**Source material**.
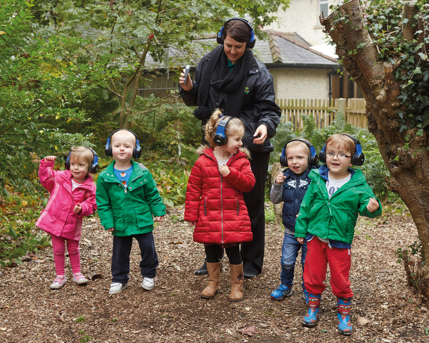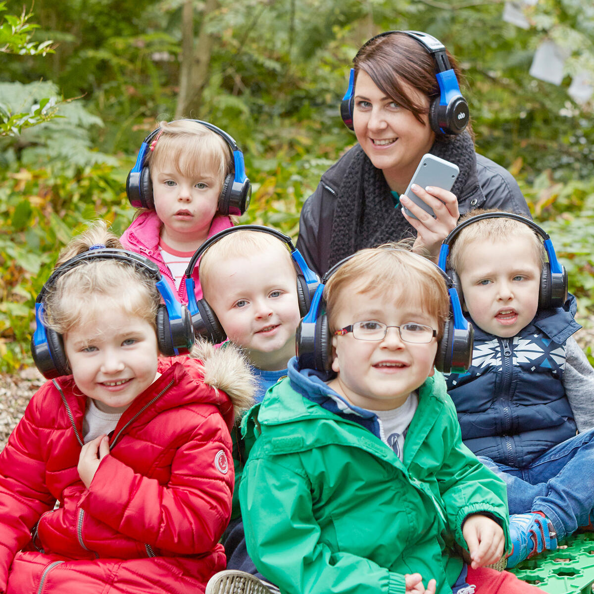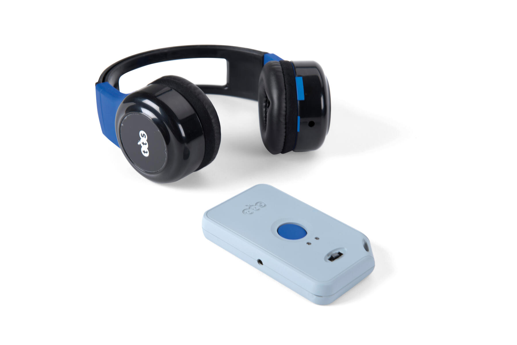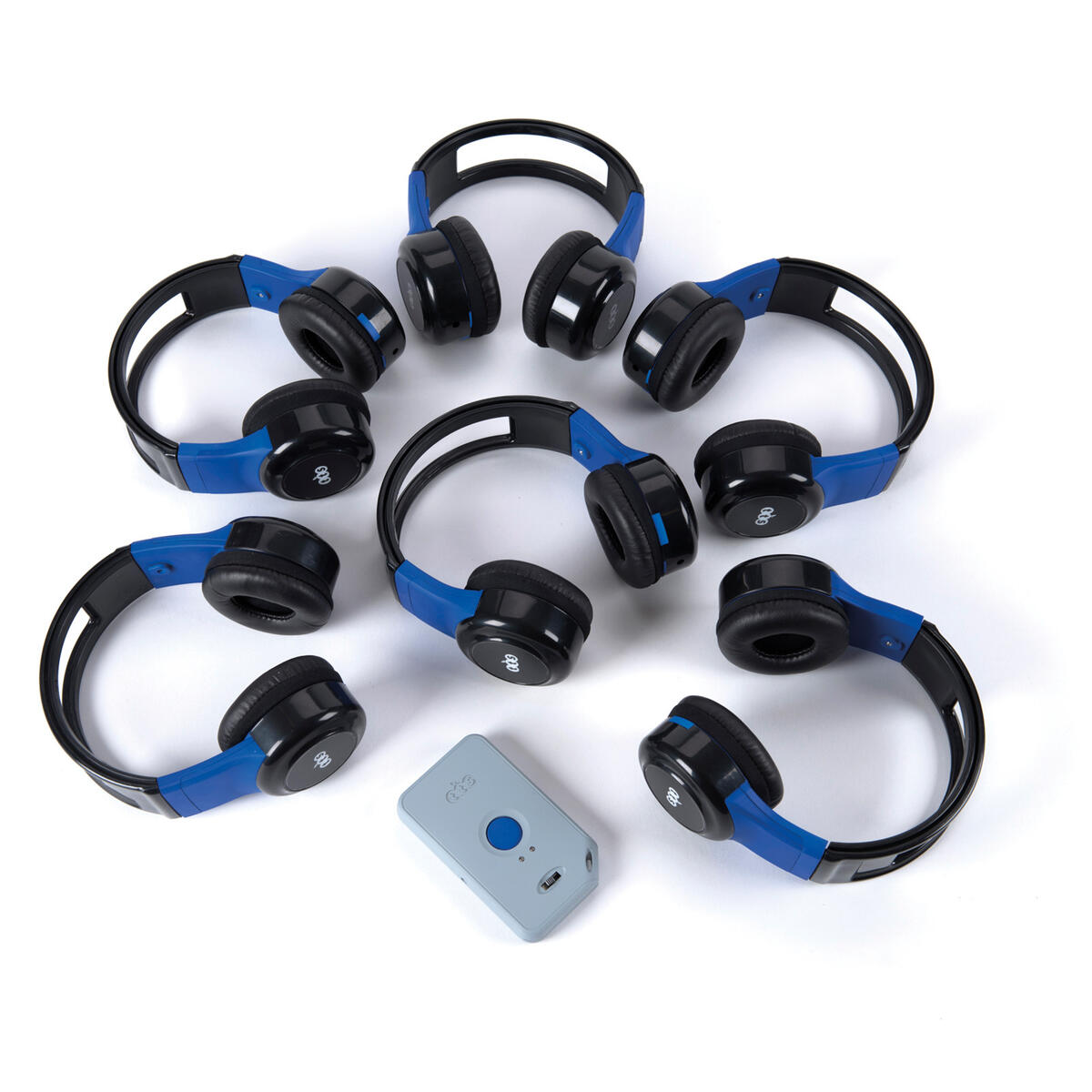 Nu kan du via en handkontroll trådlöst prata med barnen, spela musik eller berätta en saga när ni är ute i skogen eller inne i klassrummet. I varje lur finns uppladdningsbara batterier för upp till 6 h användning. Handkontrollen kan trådlöst vara i kontakt med upp till 18 hörlurar på 20 m avstånd. Du kan också ansluta dator, lärplatta eller telefon till enheten. Innehåller 6 uppladdningsbara lurar med individuell reglering av ljudnivå, 6 laddkablar för lurarna, handkontroll, laddkabel för handkontrollen, "splitter cable" med 7 ingångar för gemensam eller separat laddning, adapter och ljudkabel (används för att spela upp ljud från smartphone, bandspelare etc.). Rekomenderas från 3 år.
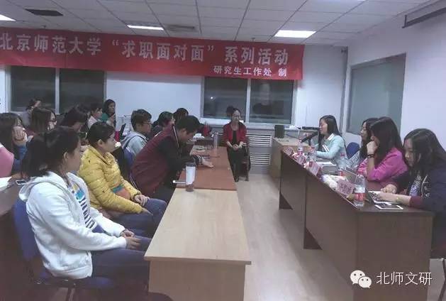 据了解,此次教师求职经验分享会是求职面对面系列活动的第二场,针对公务员、媒体、企业等岗位经验分享会还将陆续举办。同学们可以通过“北师文研”提前获知分享会信息。
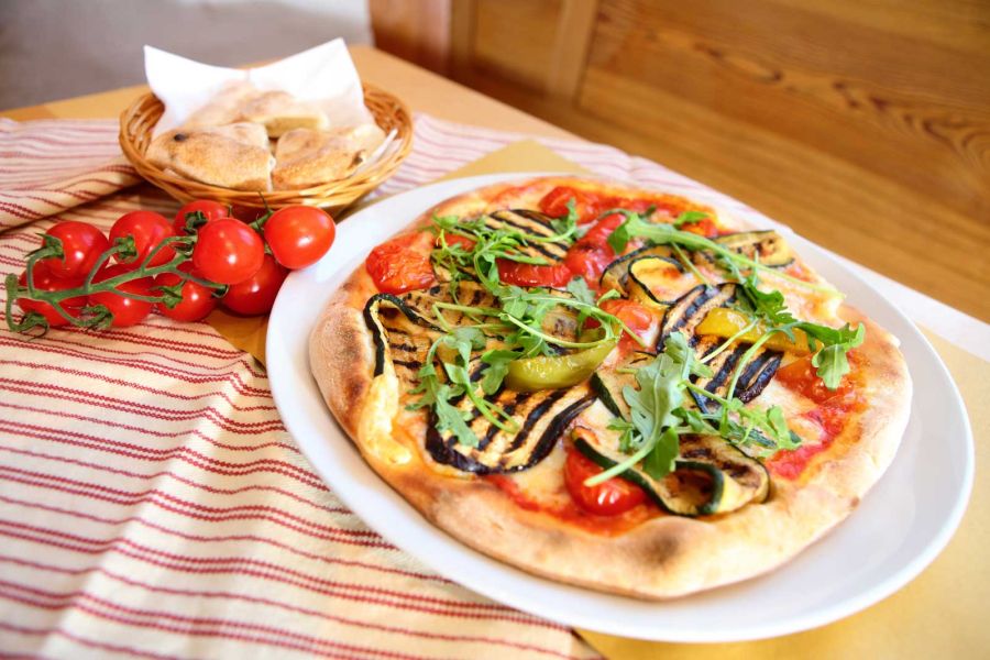mit Tomatensoße, Mozzarella, verschiedenes Gemüse und Oregano (vegetarisch)

**Work order**.
Exclude the pictures. Write out the remaining data exactly.

**Final answer**.
 Nu kan du via en handkontroll trådlöst prata med barnen, spela musik eller berätta en saga när ni är ute i skogen eller inne i klassrummet. I varje lur finns uppladdningsbara batterier för upp till 6 h användning. Handkontrollen kan trådlöst vara i kontakt med upp till 18 hörlurar på 20 m avstånd. Du kan också ansluta dator, lärplatta eller telefon till enheten. Innehåller 6 uppladdningsbara lurar med individuell reglering av ljudnivå, 6 laddkablar för lurarna, handkontroll, laddkabel för handkontrollen, "splitter cable" med 7 ingångar för gemensam eller separat laddning, adapter och ljudkabel (används för att spela upp ljud från smartphone, bandspelare etc.). Rekomenderas från 3 år.
 据了解,此次教师求职经验分享会是求职面对面系列活动的第二场,针对公务员、媒体、企业等岗位经验分享会还将陆续举办。同学们可以通过“北师文研”提前获知分享会信息。
mit Tomatensoße, Mozzarella, verschiedenes Gemüse und Oregano (vegetarisch)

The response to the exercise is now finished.